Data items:
·····

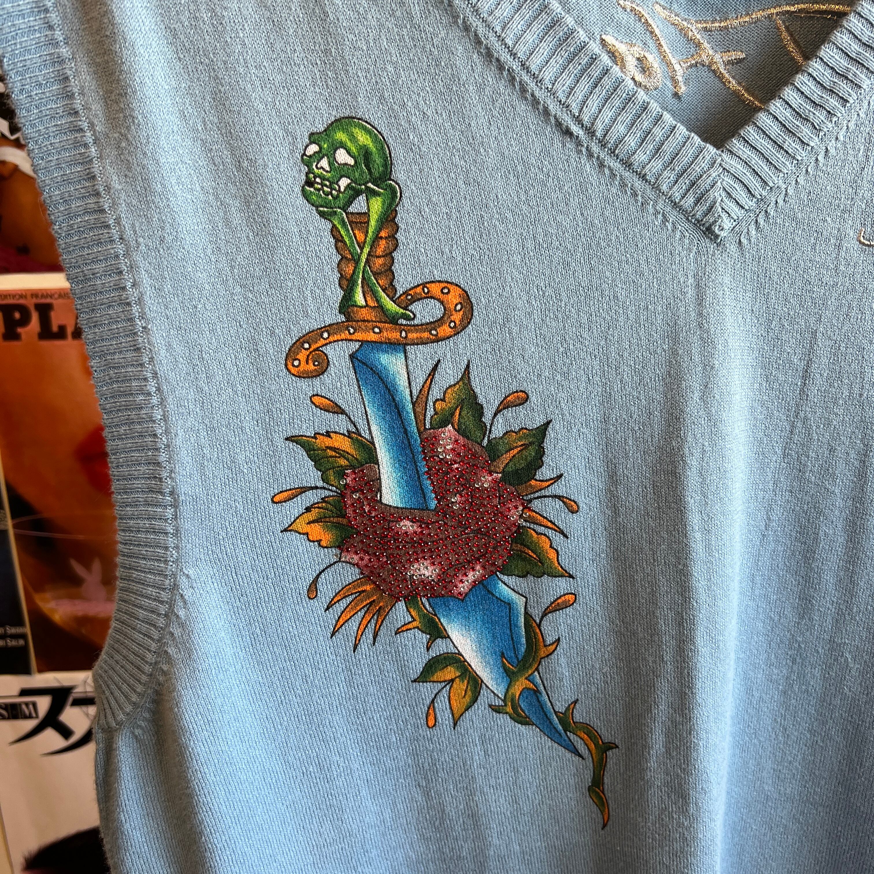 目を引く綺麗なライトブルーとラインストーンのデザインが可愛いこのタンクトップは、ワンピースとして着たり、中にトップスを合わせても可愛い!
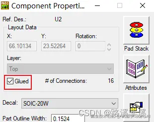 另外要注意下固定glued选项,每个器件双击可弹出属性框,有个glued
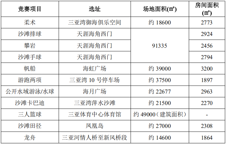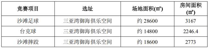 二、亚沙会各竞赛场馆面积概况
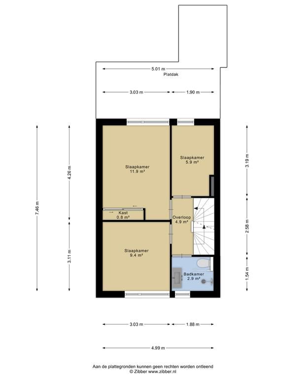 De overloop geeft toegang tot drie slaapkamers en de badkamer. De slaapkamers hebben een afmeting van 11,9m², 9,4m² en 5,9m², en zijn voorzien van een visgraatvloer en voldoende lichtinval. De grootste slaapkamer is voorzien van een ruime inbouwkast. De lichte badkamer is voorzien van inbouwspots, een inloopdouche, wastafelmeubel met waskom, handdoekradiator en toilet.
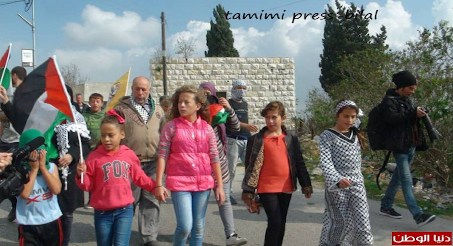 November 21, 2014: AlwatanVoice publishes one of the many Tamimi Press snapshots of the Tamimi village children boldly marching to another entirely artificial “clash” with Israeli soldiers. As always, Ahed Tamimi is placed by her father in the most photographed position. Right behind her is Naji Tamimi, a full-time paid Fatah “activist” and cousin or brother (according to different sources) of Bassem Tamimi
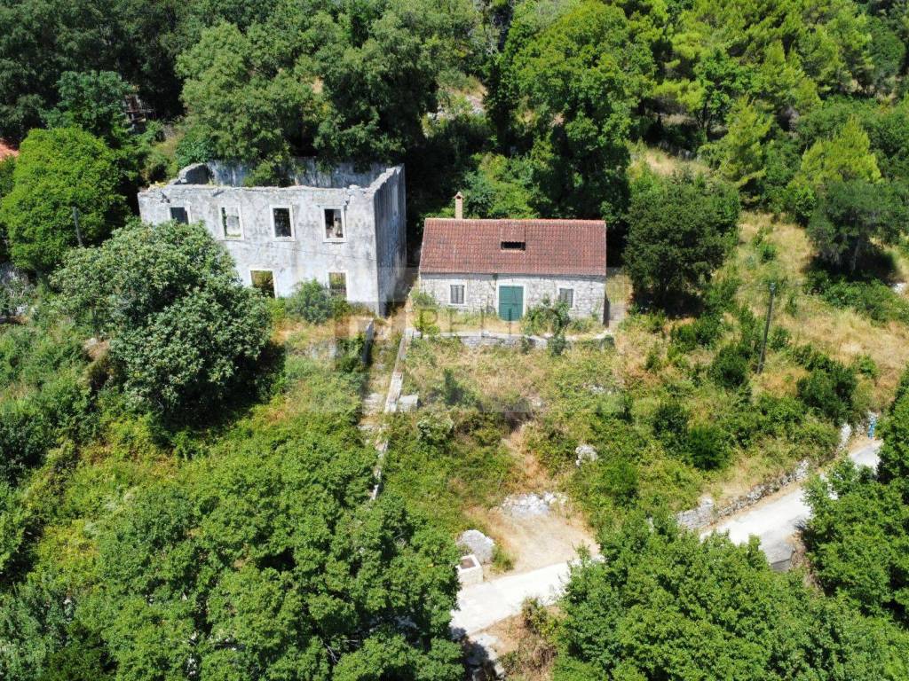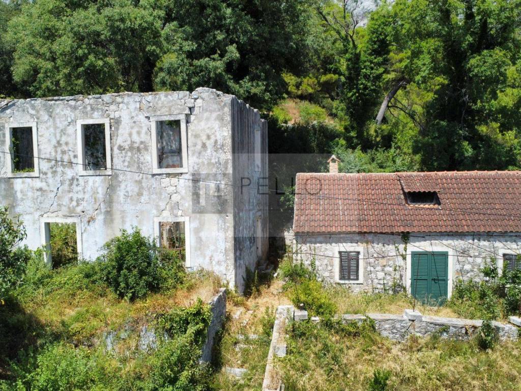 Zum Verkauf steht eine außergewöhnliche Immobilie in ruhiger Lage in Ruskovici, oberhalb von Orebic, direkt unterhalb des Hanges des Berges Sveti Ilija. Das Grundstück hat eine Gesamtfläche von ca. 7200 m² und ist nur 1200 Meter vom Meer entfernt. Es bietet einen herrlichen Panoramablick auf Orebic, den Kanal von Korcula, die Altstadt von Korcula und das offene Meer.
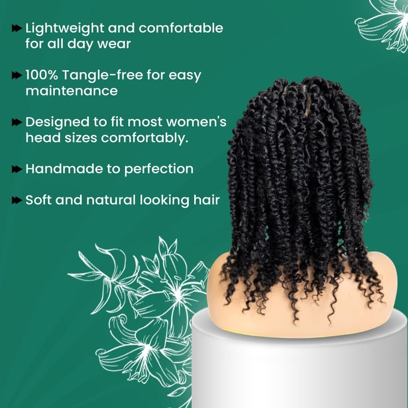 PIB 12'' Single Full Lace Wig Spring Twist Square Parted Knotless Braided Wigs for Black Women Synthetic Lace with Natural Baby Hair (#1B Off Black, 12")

·····

Exercise instructions >> In the data above, find the line containing "Zum Verkauf steht", then output it and every later line exactly, without the pictures.

Worked solution >>
 Zum Verkauf steht eine außergewöhnliche Immobilie in ruhiger Lage in Ruskovici, oberhalb von Orebic, direkt unterhalb des Hanges des Berges Sveti Ilija. Das Grundstück hat eine Gesamtfläche von ca. 7200 m² und ist nur 1200 Meter vom Meer entfernt. Es bietet einen herrlichen Panoramablick auf Orebic, den Kanal von Korcula, die Altstadt von Korcula und das offene Meer.
 PIB 12'' Single Full Lace Wig Spring Twist Square Parted Knotless Braided Wigs for Black Women Synthetic Lace with Natural Baby Hair (#1B Off Black, 12")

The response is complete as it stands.